(Data)

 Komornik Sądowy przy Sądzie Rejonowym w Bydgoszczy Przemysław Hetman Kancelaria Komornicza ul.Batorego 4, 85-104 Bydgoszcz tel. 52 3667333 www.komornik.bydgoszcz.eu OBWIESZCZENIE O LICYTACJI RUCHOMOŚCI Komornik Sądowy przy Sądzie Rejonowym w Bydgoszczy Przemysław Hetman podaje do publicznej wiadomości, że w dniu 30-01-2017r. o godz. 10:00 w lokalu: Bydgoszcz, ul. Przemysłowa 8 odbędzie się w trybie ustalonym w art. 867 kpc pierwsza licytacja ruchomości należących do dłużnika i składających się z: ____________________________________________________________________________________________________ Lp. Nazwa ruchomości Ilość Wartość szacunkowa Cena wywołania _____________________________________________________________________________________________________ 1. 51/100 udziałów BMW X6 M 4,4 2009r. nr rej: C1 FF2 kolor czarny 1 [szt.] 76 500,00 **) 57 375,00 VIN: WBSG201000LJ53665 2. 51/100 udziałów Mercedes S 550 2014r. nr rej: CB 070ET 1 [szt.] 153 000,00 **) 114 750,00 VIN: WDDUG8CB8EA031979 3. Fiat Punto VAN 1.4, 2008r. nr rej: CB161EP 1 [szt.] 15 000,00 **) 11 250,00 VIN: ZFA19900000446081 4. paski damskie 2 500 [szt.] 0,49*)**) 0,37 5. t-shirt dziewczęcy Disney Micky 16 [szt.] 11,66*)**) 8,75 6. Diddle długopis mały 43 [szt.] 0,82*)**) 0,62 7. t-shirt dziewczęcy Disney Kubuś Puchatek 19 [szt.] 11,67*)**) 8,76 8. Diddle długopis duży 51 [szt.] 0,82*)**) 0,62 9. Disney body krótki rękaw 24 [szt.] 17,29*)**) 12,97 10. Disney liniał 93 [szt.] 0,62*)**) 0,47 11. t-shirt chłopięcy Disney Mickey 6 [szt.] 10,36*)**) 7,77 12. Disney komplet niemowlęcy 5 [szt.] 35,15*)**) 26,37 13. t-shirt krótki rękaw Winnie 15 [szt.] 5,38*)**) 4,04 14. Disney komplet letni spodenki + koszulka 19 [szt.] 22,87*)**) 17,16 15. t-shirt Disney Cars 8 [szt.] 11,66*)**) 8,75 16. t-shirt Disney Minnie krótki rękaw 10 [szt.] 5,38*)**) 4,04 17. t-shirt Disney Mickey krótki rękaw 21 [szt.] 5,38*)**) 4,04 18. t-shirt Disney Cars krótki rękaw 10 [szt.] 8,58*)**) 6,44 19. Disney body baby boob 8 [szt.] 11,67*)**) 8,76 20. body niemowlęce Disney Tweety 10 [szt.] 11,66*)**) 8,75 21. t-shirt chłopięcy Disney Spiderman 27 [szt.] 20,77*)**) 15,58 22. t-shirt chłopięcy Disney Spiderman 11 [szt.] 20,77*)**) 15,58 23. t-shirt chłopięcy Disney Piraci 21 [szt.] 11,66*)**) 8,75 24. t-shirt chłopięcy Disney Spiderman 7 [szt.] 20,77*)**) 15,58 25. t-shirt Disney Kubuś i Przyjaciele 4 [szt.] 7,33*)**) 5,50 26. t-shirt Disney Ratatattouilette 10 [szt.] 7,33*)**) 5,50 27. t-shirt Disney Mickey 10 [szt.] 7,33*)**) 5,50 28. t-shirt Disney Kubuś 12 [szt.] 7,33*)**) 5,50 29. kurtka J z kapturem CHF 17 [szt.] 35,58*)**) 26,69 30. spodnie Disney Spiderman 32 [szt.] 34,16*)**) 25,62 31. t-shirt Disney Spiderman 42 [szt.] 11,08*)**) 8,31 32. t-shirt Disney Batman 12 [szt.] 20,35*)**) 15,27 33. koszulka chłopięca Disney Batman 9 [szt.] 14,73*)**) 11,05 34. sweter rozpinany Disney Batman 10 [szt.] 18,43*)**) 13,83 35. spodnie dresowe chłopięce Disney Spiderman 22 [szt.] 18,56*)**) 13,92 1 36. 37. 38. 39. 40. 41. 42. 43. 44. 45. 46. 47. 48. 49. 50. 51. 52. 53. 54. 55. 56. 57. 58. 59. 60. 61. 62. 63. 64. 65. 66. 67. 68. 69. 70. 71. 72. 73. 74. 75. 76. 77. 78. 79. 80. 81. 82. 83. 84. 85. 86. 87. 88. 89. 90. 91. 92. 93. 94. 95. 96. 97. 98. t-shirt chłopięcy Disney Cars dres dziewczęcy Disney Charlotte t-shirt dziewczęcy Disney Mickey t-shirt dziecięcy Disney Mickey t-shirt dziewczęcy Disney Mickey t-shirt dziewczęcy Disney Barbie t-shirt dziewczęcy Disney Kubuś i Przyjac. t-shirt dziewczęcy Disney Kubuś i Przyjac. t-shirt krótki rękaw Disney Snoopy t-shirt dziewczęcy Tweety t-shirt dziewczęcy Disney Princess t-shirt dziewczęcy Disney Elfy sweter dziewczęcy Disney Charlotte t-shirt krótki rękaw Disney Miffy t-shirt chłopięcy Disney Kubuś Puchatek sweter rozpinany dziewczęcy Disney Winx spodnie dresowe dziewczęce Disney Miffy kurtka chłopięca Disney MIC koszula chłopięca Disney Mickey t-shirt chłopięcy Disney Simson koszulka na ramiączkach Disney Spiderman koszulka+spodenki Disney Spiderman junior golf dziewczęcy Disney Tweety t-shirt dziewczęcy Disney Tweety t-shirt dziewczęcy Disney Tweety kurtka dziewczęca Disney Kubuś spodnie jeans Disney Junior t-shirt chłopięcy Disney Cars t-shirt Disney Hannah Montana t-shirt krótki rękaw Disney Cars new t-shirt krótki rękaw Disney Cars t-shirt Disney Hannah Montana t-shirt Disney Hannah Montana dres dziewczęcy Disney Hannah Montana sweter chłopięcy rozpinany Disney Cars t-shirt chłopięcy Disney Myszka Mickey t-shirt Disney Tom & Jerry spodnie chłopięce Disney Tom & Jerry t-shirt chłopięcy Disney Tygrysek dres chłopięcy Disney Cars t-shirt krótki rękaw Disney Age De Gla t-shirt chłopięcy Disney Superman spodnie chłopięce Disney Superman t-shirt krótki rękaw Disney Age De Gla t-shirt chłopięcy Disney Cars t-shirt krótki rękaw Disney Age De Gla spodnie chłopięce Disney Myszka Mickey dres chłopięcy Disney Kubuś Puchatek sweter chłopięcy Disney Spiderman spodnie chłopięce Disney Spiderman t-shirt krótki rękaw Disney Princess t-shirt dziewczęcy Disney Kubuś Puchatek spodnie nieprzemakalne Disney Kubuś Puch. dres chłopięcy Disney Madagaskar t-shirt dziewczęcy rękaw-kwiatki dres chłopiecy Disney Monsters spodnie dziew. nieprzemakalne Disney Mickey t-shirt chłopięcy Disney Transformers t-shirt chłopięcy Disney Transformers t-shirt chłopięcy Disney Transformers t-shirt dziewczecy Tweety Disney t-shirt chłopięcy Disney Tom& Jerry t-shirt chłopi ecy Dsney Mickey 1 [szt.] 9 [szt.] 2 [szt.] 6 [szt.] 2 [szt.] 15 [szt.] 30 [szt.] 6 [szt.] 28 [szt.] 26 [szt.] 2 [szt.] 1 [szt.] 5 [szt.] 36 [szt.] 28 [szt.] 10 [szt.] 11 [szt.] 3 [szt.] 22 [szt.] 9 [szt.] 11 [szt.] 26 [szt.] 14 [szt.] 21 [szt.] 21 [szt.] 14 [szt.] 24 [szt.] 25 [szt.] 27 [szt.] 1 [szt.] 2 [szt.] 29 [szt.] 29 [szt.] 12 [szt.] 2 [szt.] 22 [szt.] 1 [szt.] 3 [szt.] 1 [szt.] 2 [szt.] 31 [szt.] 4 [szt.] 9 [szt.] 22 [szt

(End Data)
(Data)

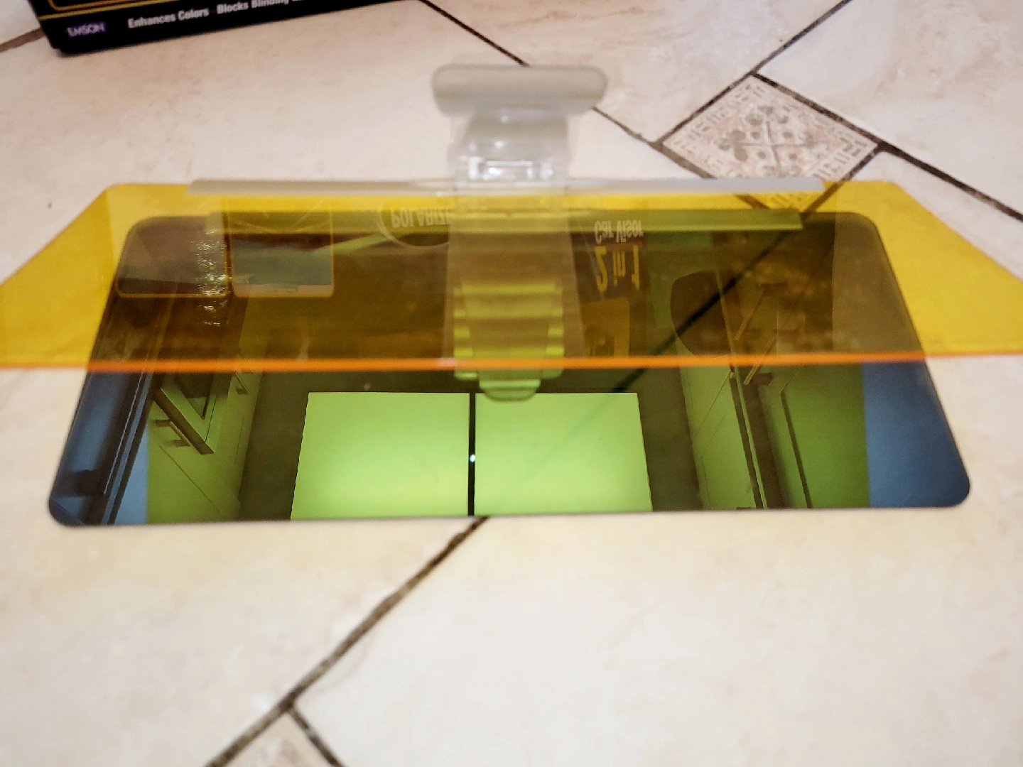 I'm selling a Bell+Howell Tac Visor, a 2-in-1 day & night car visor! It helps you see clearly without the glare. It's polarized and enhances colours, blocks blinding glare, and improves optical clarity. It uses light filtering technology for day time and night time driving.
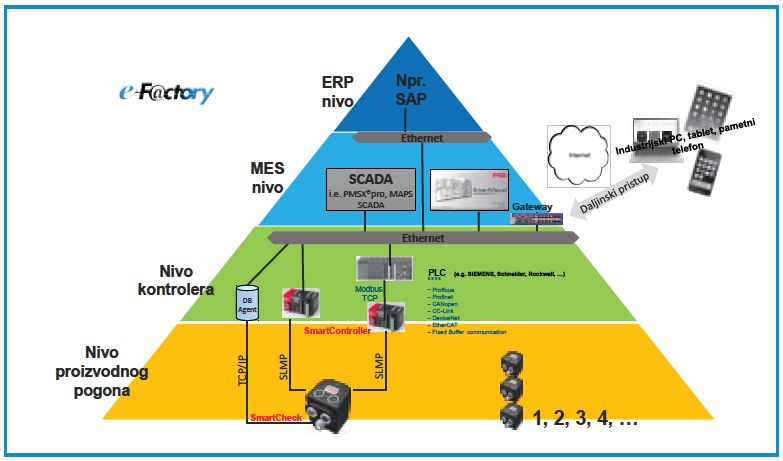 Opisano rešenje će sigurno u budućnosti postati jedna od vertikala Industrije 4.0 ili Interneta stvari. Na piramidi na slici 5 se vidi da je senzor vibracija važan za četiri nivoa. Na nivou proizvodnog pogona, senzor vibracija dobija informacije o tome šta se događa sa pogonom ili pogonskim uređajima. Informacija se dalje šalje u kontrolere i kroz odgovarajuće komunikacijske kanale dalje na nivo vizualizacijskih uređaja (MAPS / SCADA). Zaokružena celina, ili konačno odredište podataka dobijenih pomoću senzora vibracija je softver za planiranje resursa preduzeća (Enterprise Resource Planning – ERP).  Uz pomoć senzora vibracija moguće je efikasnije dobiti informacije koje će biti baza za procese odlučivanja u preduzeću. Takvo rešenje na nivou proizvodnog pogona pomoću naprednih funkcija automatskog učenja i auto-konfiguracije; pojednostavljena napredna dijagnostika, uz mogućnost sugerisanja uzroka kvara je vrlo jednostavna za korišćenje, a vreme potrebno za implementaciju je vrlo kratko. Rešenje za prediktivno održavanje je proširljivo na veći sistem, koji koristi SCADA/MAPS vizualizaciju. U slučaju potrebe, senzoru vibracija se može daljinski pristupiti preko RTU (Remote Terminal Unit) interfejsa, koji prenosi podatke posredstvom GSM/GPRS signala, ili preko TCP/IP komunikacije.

(End Data)
(Data)

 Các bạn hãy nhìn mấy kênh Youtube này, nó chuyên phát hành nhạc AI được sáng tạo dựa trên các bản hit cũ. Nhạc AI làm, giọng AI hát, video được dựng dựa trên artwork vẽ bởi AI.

(End Data)

■ **Task brief**: With the pictures left out, write out exactly the lines above from the one containing "I'm selling a" through the one containing "Opisano rešenje će".

■ **Answer space**:
 I'm selling a Bell+Howell Tac Visor, a 2-in-1 day & night car visor! It helps you see clearly without the glare. It's polarized and enhances colours, blocks blinding glare, and improves optical clarity. It uses light filtering technology for day time and night time driving.
 Opisano rešenje će sigurno u budućnosti postati jedna od vertikala Industrije 4.0 ili Interneta stvari. Na piramidi na slici 5 se vidi da je senzor vibracija važan za četiri nivoa. Na nivou proizvodnog pogona, senzor vibracija dobija informacije o tome šta se događa sa pogonom ili pogonskim uređajima. Informacija se dalje šalje u kontrolere i kroz odgovarajuće komunikacijske kanale dalje na nivo vizualizacijskih uređaja (MAPS / SCADA). Zaokružena celina, ili konačno odredište podataka dobijenih pomoću senzora vibracija je softver za planiranje resursa preduzeća (Enterprise Resource Planning – ERP).  Uz pomoć senzora vibracija moguće je efikasnije dobiti informacije koje će biti baza za procese odlučivanja u preduzeću. Takvo rešenje na nivou proizvodnog pogona pomoću naprednih funkcija automatskog učenja i auto-konfiguracije; pojednostavljena napredna dijagnostika, uz mogućnost sugerisanja uzroka kvara je vrlo jednostavna za korišćenje, a vreme potrebno za implementaciju je vrlo kratko. Rešenje za prediktivno održavanje je proširljivo na veći sistem, koji koristi SCADA/MAPS vizualizaciju. U slučaju potrebe, senzoru vibracija se može daljinski pristupiti preko RTU (Remote Terminal Unit) interfejsa, koji prenosi podatke posredstvom GSM/GPRS signala, ili preko TCP/IP komunikacije.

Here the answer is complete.